De salle en salle... : Vantage Point

vantage_point

Vantage Point, ou 89 minutes de propagande américaine ultra-efficaces menées pied au plancher.

Voilà.

Tu peux poursuivre ta lecture, mais je te préviens, ça ne t'apprendra rien de plus.

Jeudi, Ghislain et moi avons décidé d'un commun accord d'aller au cinéma. Arrivés à l'UGéCé de Brouckère, on avait le choix entre ça et There Will Be Blood. Comme je me sentais un peu fatiguée (enfin, je veux dire, encore un peu plus que d'habitude), et que j'avais entendu dire que le dernier Paul Thomas Anderson était magnifique mais un peu contemplatif, j'ai fait pencher la balance pour Vantage Point. D'autant plus que celui-ci présentait comme plus-produit l'épinglage à son générique du très yum yum Matthew Fox (mais si, tu connais, c'est lui qui fait le docteur dans Lost. Comment ça, « Je ne vois pas ce qu'on lui trouve »? Rhan mais moi je vois très bien, crois-moi).

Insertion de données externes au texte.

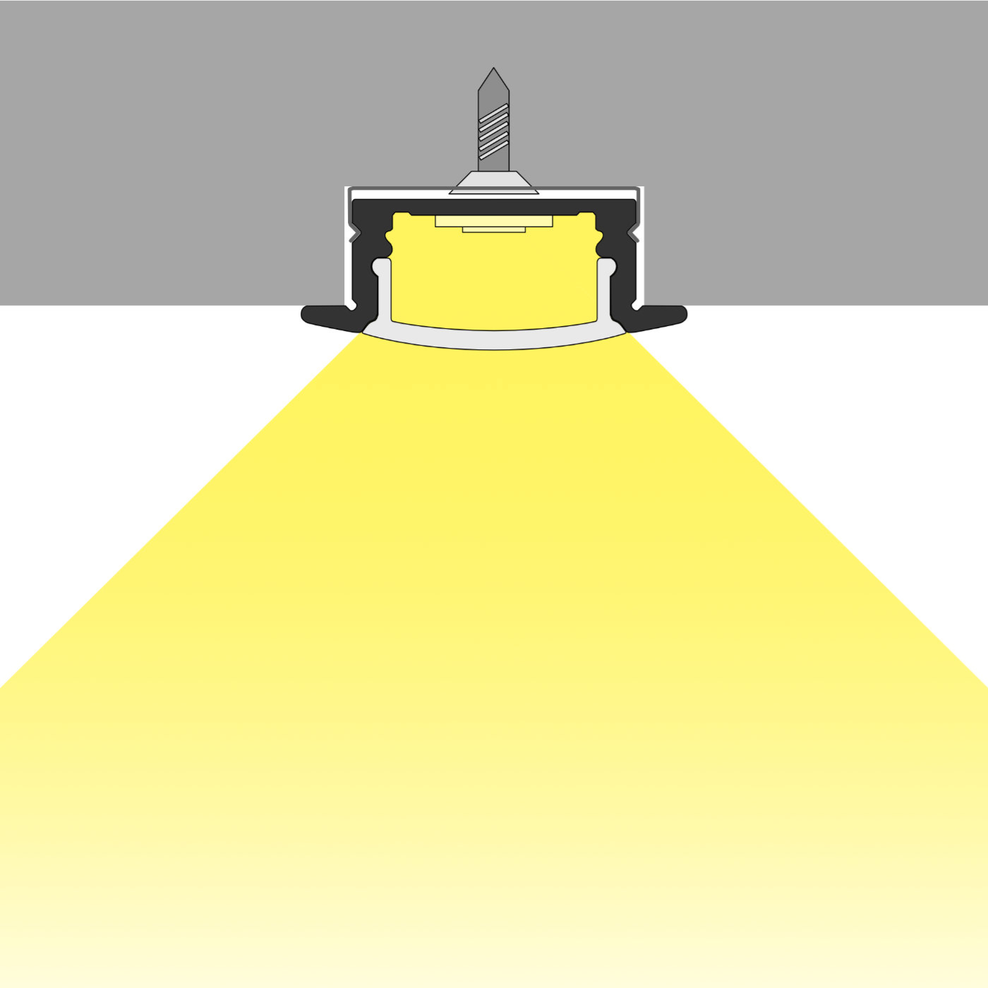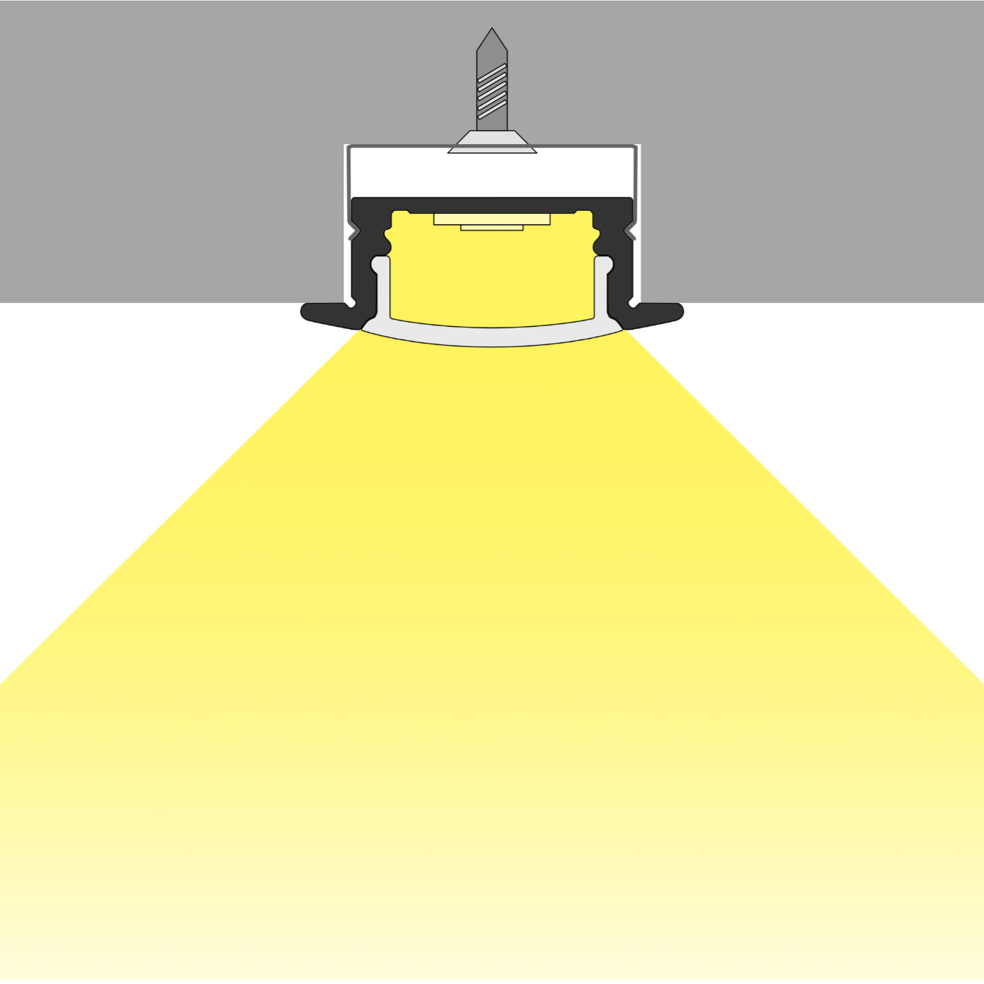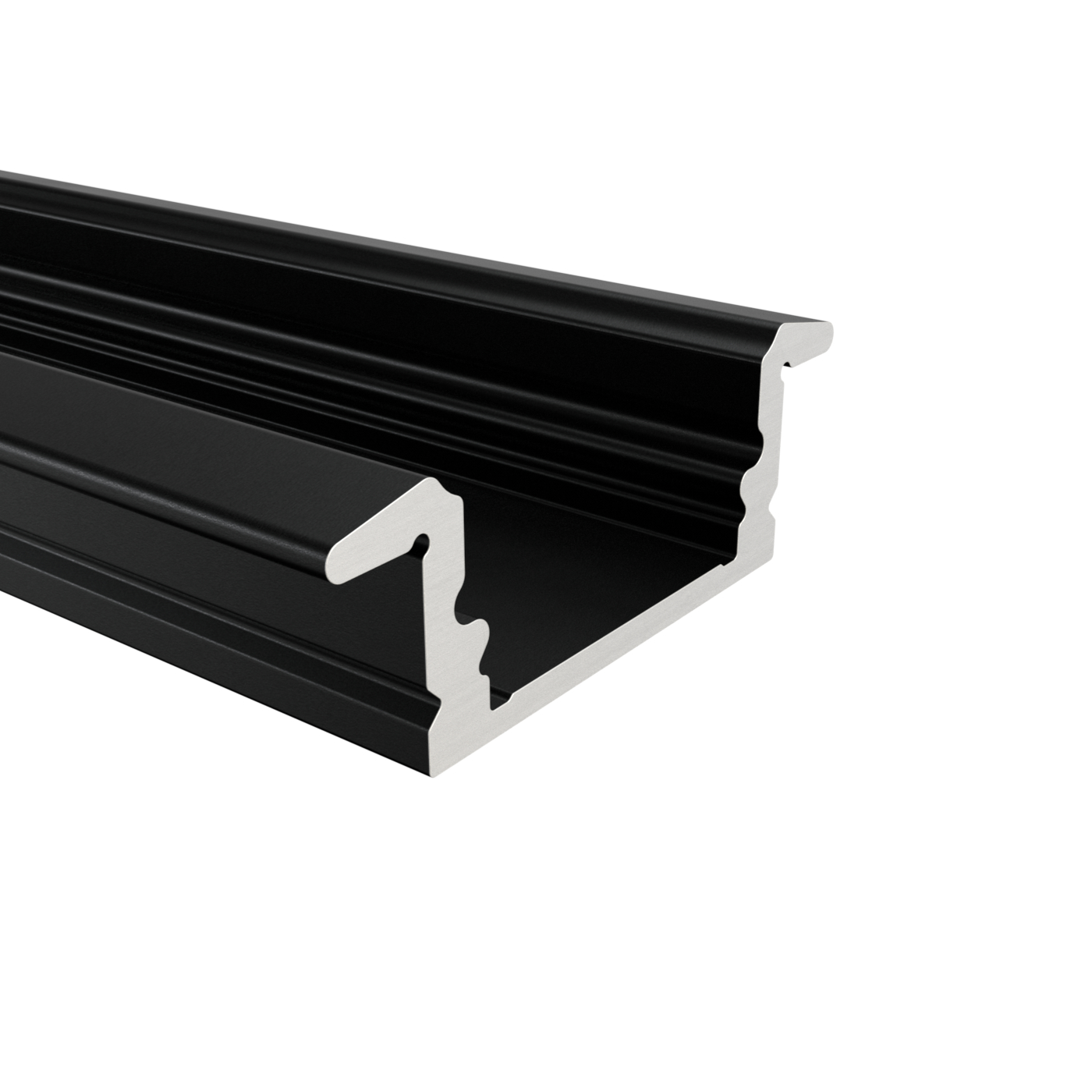 Das Einbauprofil EMS aus Aluminium ist in drei Farben erhältlich: Eloxiert, Weiß und Schwarz. Es ist perfekt für LED-Streifen bis 16 mm geeignet. Mit 21 mm Breite, 9 mm Höhe und Längen bis zu 300 cm ( 301 cm – 600 cm auf Anfrage ) eignet es sich ideal für flachbündige, hochwertige Installationen. Die Abdeckungen aus Polycarbonat sind in vier Varianten verfügbar: Schwarz mit 50 % Lichtdurchlässigkeit, Opal mit 67 % Lichtdurchlässigkeit, Semi mit 85 % Lichtdurchlässigkeit und Klar mit 95 % Lichtdurchlässigkeit. Zusätzlich runden Endkappen aus ABS-Plastik das Profil ab – die perfekte Wahl für moderne Beleuchtungslösungen.

Comme l'intrigue tient en moins de mots que « Love Me Do » des Beatles, voici une séance de rattrapage pour ceux qui ne révèrent pas le Grand Gourou Hugues Dayez:

Un sommet international contre le terrorisme va débuter à Salamanque. Lors de la séance inaugurale, le président des Etats-Unis, avant même d'avoir entamé son discours, se fait abattre; peu après, une bombe explose. Dès lors, le film adopte différents points de vue afin de reconstituer les tenants et les aboutissants de cet ignnnnnnoble attentat. La bonne trouvaille, c'est que, pour ce faire, il procède par flaches-baques, en reprenant toujours à la même heure.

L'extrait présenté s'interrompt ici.